### Data
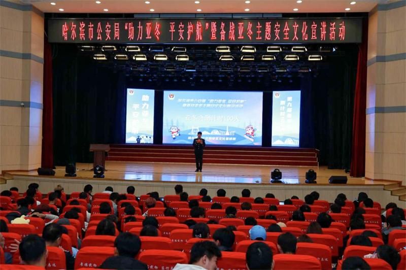 10月29日,哈尔滨市公安局安全文化宣讲团走进beats365官网,开展“助力亚冬 平安护航”暨备战亚冬主题安全文化宣讲活动,进一步增强师生的安全防范意识,普及法治理念,大力营造全社会关心亚冬、参与亚冬、服务亚冬、护航亚冬、宣传亚冬的浓厚氛围。1000余名师生现场参加了本次活动。
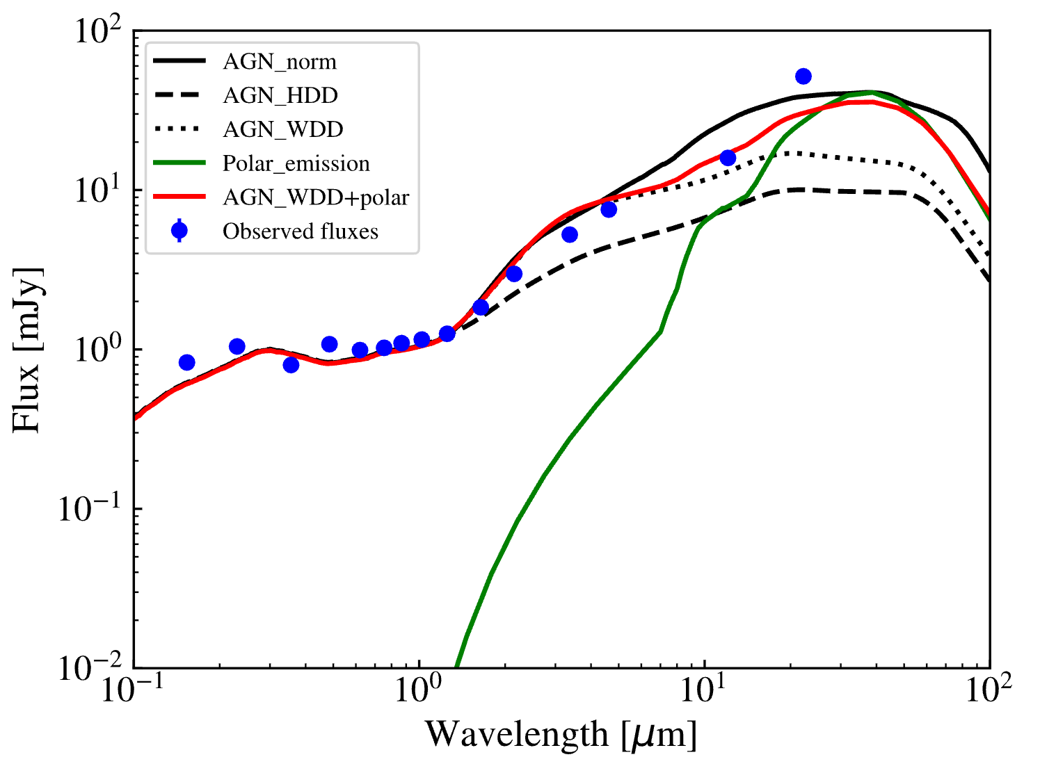 SED fitting results for VVV J1845-2426. The fitting was performed using AGN templates. The best-fit model (red line) is a combination of the warm-dust-deficient AGN template and the polar dust component. (Image by SHAO)
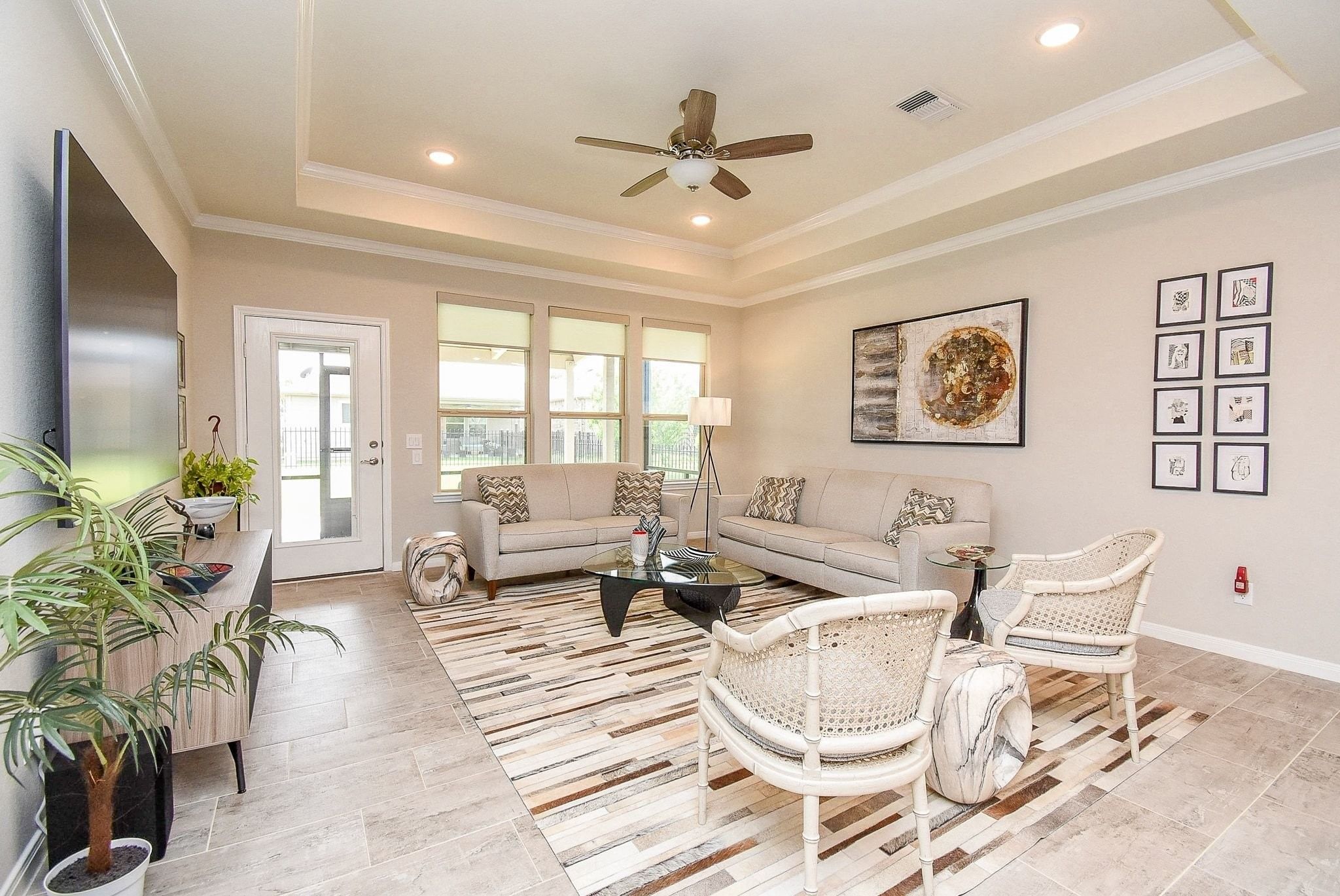 Welcome to Del Webb Sweetgrass! Experience luxury in this highly-coveted Martin Ray resale (3BR/2BA + Study). The chef’s kitchen features linen cabinetry, a butler’s pantry, walk-in pantry, custom roll-outs, and a new top-of-the-line garden sink. Enjoy a carpet-free interior with gleaming ceramic tile and luxury laminate in the bedrooms. The living area impresses with tray ceilings and automated blinds, while the primary bath offers a remodeled spa shower and roll-out storage. Relax in your private oasis: a screened-in patio plus an extended patio with a pergola in a fully fenced yard. Modern essentials include a whole-home generator and water softener. Refrigerator and brand-new washer and dryer convey! This move-in-ready gem offers high-end tech and sophisticated finishes that surpass standard builds. Experience the lifestyle you've earned—schedule your tour today!

### Exercise
Print the data exactly as written, dropping any images it holds.

### Finished task
 10月29日,哈尔滨市公安局安全文化宣讲团走进beats365官网,开展“助力亚冬 平安护航”暨备战亚冬主题安全文化宣讲活动,进一步增强师生的安全防范意识,普及法治理念,大力营造全社会关心亚冬、参与亚冬、服务亚冬、护航亚冬、宣传亚冬的浓厚氛围。1000余名师生现场参加了本次活动。
 SED fitting results for VVV J1845-2426. The fitting was performed using AGN templates. The best-fit model (red line) is a combination of the warm-dust-deficient AGN template and the polar dust component. (Image by SHAO)
 Welcome to Del Webb Sweetgrass! Experience luxury in this highly-coveted Martin Ray resale (3BR/2BA + Study). The chef’s kitchen features linen cabinetry, a butler’s pantry, walk-in pantry, custom roll-outs, and a new top-of-the-line garden sink. Enjoy a carpet-free interior with gleaming ceramic tile and luxury laminate in the bedrooms. The living area impresses with tray ceilings and automated blinds, while the primary bath offers a remodeled spa shower and roll-out storage. Relax in your private oasis: a screened-in patio plus an extended patio with a pergola in a fully fenced yard. Modern essentials include a whole-home generator and water softener. Refrigerator and brand-new washer and dryer convey! This move-in-ready gem offers high-end tech and sophisticated finishes that surpass standard builds. Experience the lifestyle you've earned—schedule your tour today!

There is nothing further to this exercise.